The penalty for doing this can be an award of damages, lost profits, delivery up of offending material and injunctive relief.
Misappropriation of Personality
Even if the advertising campaign you are considering has passed the copyright and trade-mark hurdles, be careful not to trip on the tort of misappropriation of personality. If your advertising campaign uses the name, image or personality of a celebrity, or someone that people will assume is the celebrity, without their consent, you could be liable.
Courts have defined "personality" to include a person’s image, name, voice and any other elements that might uniquely identify a celebrity. In order for a celebrity to plead misappropriation of personality, she or he must show that the advertiser has used her or his personality for commercial gain. Although it does not matter whether the celebrity is living or dead,1 misappropriation of personality does not apply to fictional characters.
Infringement of this tort will entail damages calculated on the basis of a "lost user fee" which is the fee that the celebrity should have received for the use of her or his personality and is often directly proportional to how famous the celebrity is.
Questions to Consider
Before starting a campaign incorporating the use of unauthorized celebrity images, ask yourself the following essential questions and review your answers with legal counsel:
- Have you obtained some form of consent (preferably written) for the use of the celebrity’s image in your campaign?
- Is the celebrity living or deceased? If deceased, how long has the celebrity been deceased?
- Is the purpose of your campaign commercial gain?
- Who owns the photograph(s) or image(s) that you will be using?
- Have you conducted a trade-mark search for the image you plan on using in your campaign?

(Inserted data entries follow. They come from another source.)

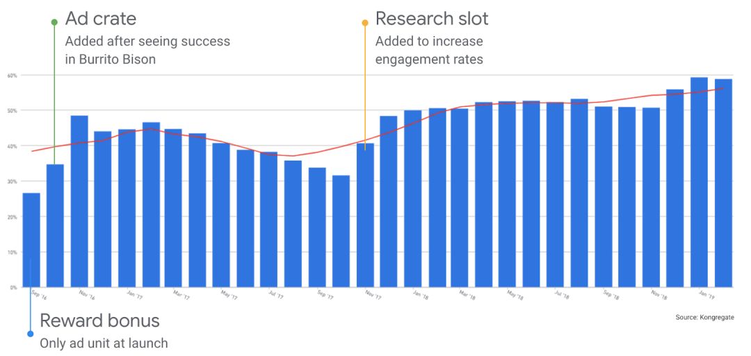 广告研究插槽 (Research slot) 的上线,让用户参与度大大增加,实现了 Kongregate 的目标,即 60%,这个数据足以与许多休闲游戏相媲美。
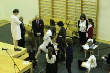 Az ünnepély zárása és összefoglalója Kárpáti Tibor kortárs költőnek a Misztrál együttes által megzenésített kortárs verse, a Gyöngyöt az embernek volt. A forradalom kórházi dolgozói az embert látták meg az előttük fekvő sebesültben, az ő ellátásukkal az embernek szórták a gyöngyöt. Nem számított, hogy a sebesülés előtt és a felépülés után milyen utat jártak és járnak be, a diákjaink által megformált orvosok és nővérek belül szabadok voltak az élet szolgálatába állni, bár a vágyott külső szabadságot csak átmenetileg kaphatták meg. Reméljük, hogy nem csupán megemlékeztünk erről a hozzáállásról, hanem egyben magunkévá is tudtuk tenni.
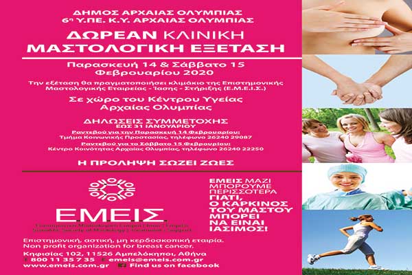 Δήμος Αρχαίας Ολυμπίας: Δωρεάν προληπτικός έλεγχος για τον καρκίνο του μαστού 14-15 Φεβρουαρίου
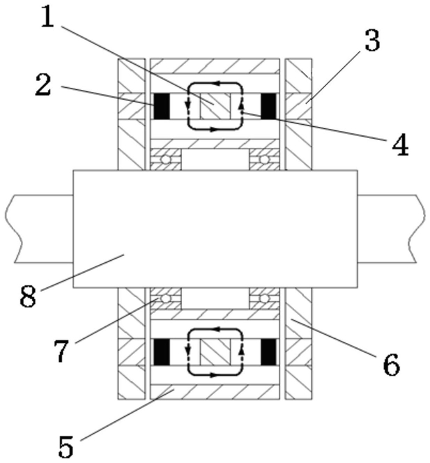 5.根据权利要求1所述的一种纯电动汽车用轴向磁通混合励磁开关磁阻电机,其特征是:Ns个工字型定子分块都固定嵌在同一个定子支架(5)的对应轴向通孔内,定子支架(5)通过轴承(7)支撑在转轴(8)上。
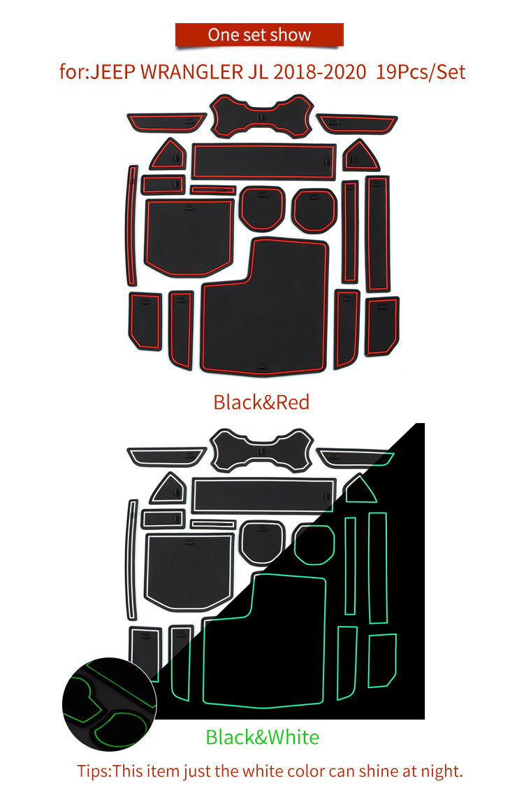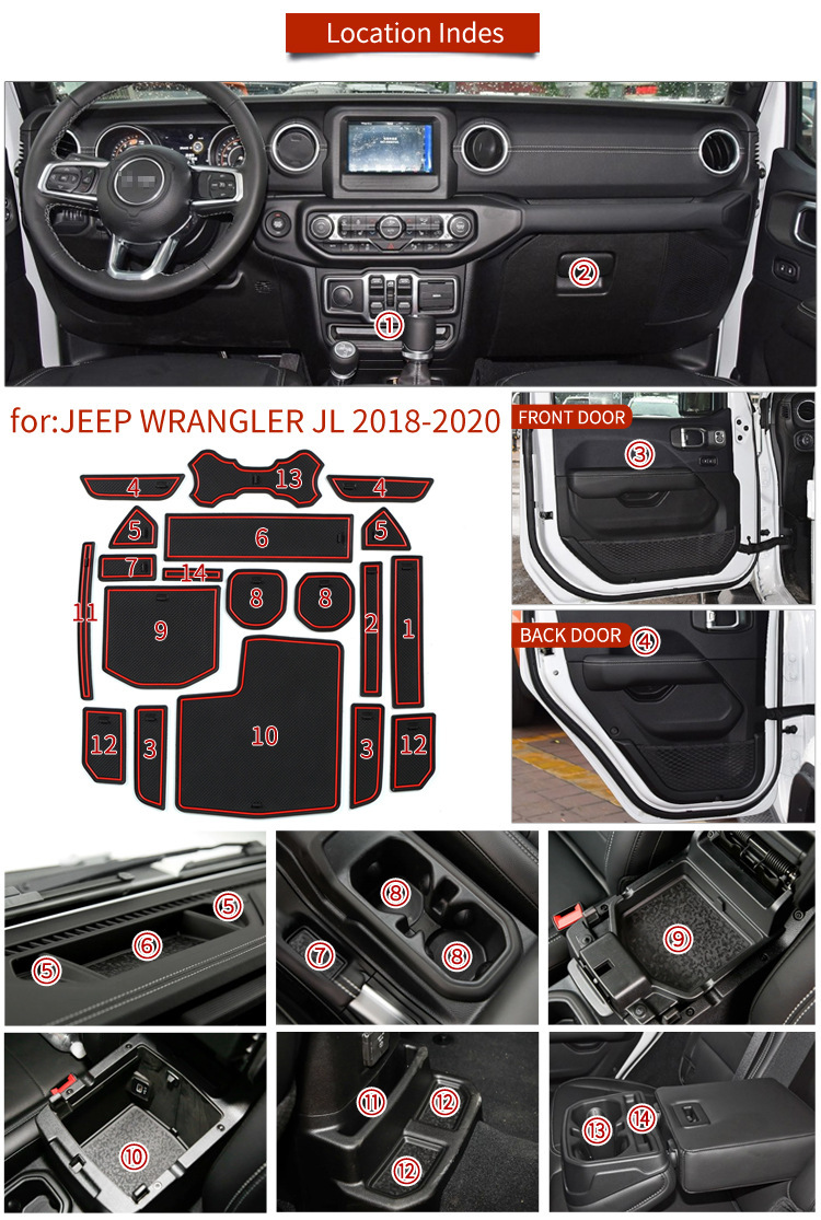 Full Set Anti-Slip Door Slot Mats Cup Holder Liners for Jeep Wrangler JL 2018-2023
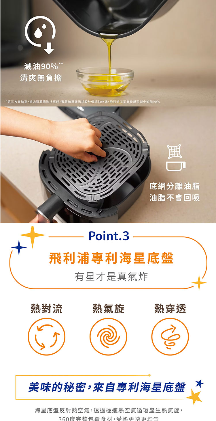 海星底盤的創新設計能減少油煙 99%。其運作原理是將烹飪過程中瀝出的油收集到最下方的底盤,並阻絕上層高溫,使得瀝出的油溫低於發煙點。同時,相較於傳統油炸鍋,飛利浦健康氣炸鍋可減少油脂 90%,還能逼出食材本身多餘油脂。
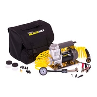 The Bushranger Black Max Compressor that really packs a punch. This little workhorse is backed by Bushwakka's 5 year warranty. The Black Max is a powerful 12 volt motor and air pump, its fast and reliable delivering 66 litres per minute. Smart engineering and manufactured tough to accredited to International ISO9002 Standards. 2.4 metre power lead, direct battery clamps with an in-line fuse, no more voltage drop or blown fuses in vehicles fuse box, easy and simple to use. This is an essential piece of 4x4 equipment, the built in tyre deflation valve allows for controlled deflation of vehicles tyre pressure to drive in sand, mud or rocky terrain.
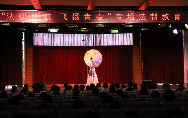 为进一步加强学生思想教育、法制教育的力度,增强学生遵纪守法观念,提高学生的法律意识,切实预防学生校内外的违法犯罪行为,维护良好的校园环境。11月15日下午,淹城初级中学邀请武进区凤凰艺术团来校进行“法律护航,青春飞扬”的法制教育专场文艺汇演。
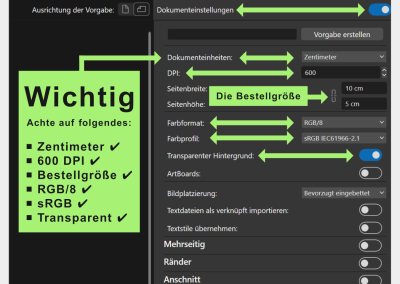 Erstelle die Datei in Übereinstimmung mit der Breite und Höhe Deiner Onlinebestellung.
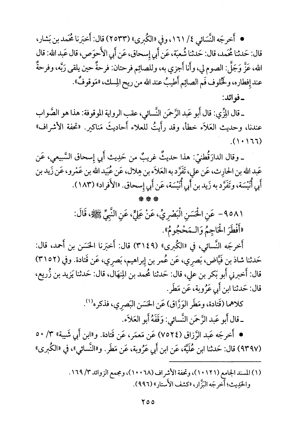 - قال أَبو عبد الرَّحمَن النَّسَائي: وقفه أَبو العلاء.
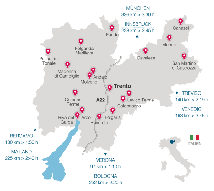 Freuen Sie sich über neu empfundenes Wohlbefinden und Ausgeglichenheit bei einem Spaziergang in den Bergen, entspannenden Momenten im Schnee oder einem spritzigen Glas Trentodoc. Das ist der Reichtum des Trentino: eine Mischung aus Natur, Kultur und Tradition, im Herzen der italienischen Alpen, eingebettet zwischen blauem Himmel und den majestätischen Dolomiten, UNESCO-Welterbe.
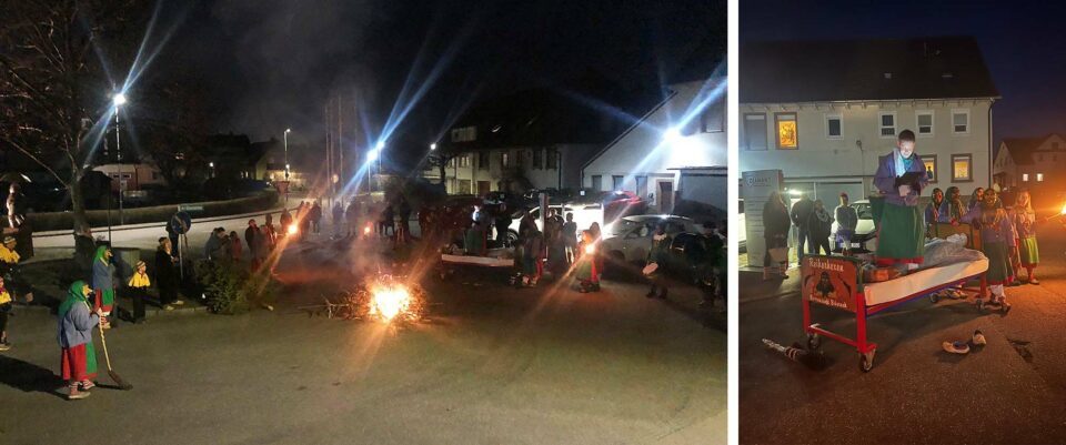 Am gestrigen Fasentdienstag ging zu nächtlicher Abendstunde die Biberach Fasent 2022 mit der traditionellen Hexenverbrennung zu Ende. Tobias Geiger von den Reiherhexen (rechts) beschwörte nochmals die Narrengeister mit einem letzten »Narri! Narro! S’goht degege, nächstes Johr wieder!«
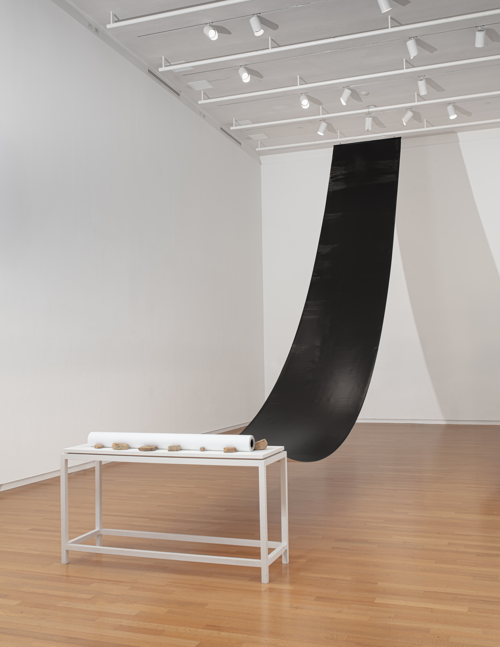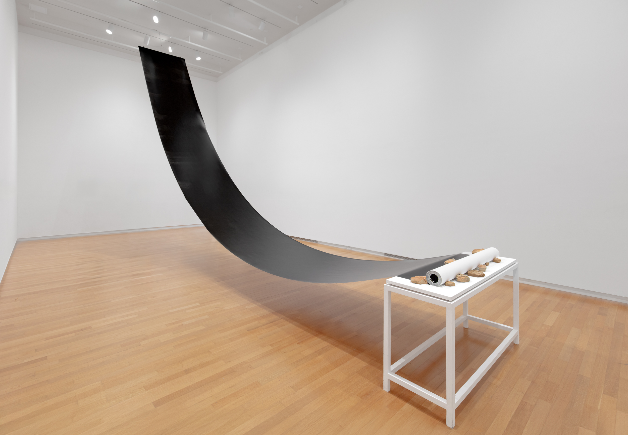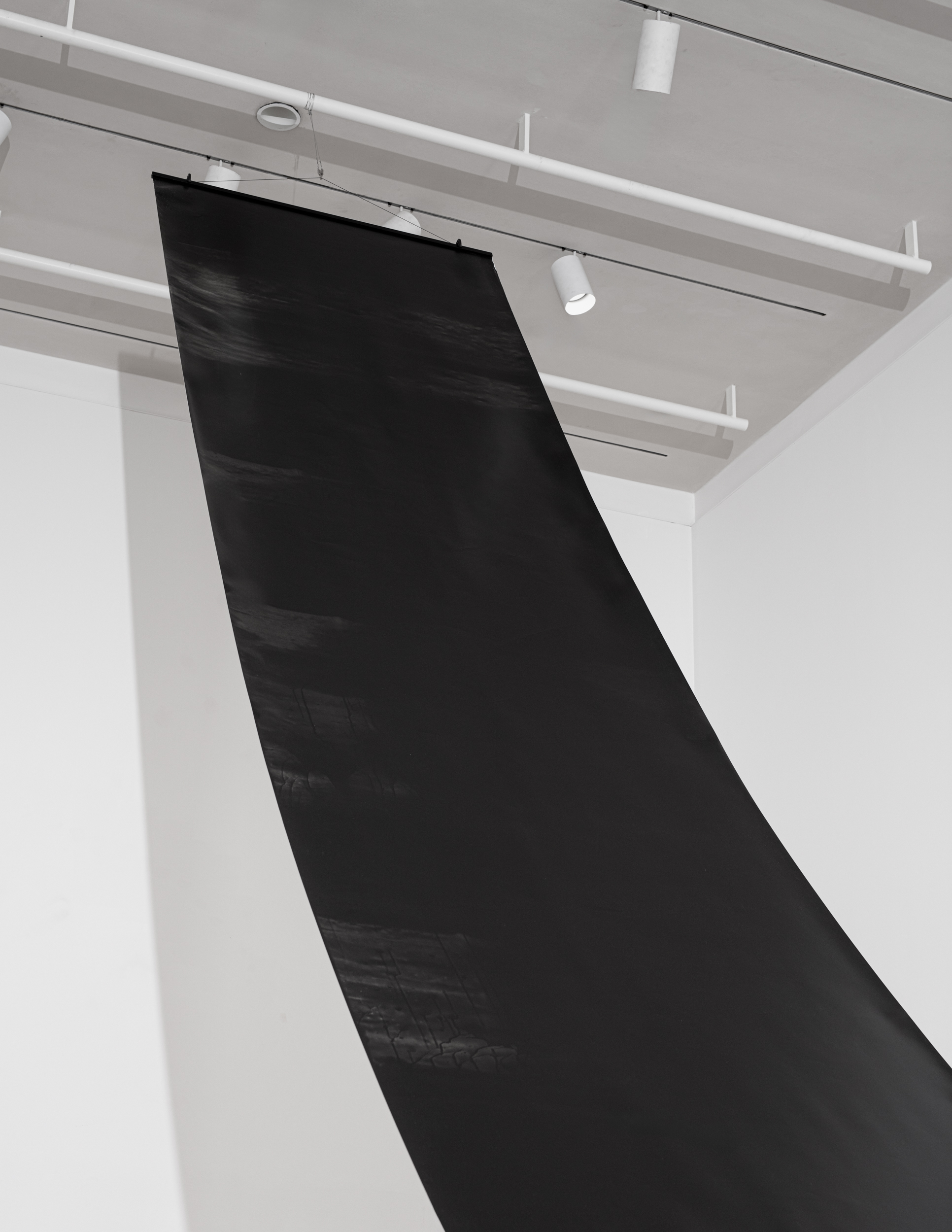 The resulting sun-fused scroll—eventually rendered completely black—functions as an abstract record of exposure, duration, and erasure. By allowing sunlight to overwhelm the surface, the work echoes the original flash that inaugurated the atomic age, while refusing literal representation. The image holds no detail, only aftermath.

Before investing significant time and effort in an advertising campaign involving the use of celebrity images, careful consideration of the business and legal issues involved is crucial. It is interesting that certain companies (e.g., Pepsi) have recently terminated virtually all of their celebrity endorsements in their major campaigns, suggesting that the risks outweighed the benefits. On the other hand, Air Canada has enlisted the help of a Canadian superstar to quick start its latest campaign. Prudent advertisers will use knowledgeable counsel to assist in avoiding legal pitfalls.
1 The fact that personality rights of celebrities are passed to their estates in Canada was confirmed by way of an injunction that was granted by a Nova Scotia court on November 25, 2004 to the estate of Don Messer, a famous Canadian fiddler, involving the unauthorized use of Messer’s personality. The court ruled that the company using Mr. Messer’s personality had to cease such use until the determination of the case, which is expected sometime next year. (Hapi Feet Promotions Inc., Frank Leahy and Dawn Penelope Attis, Executrix of the Estate of Don Messer v. Barbara Martin and Grayec Management Incorporated).
The foregoing provides only an overview. Readers are cautioned against making any decisions based on this material alone. Rather, a qualified lawyer should be consulted.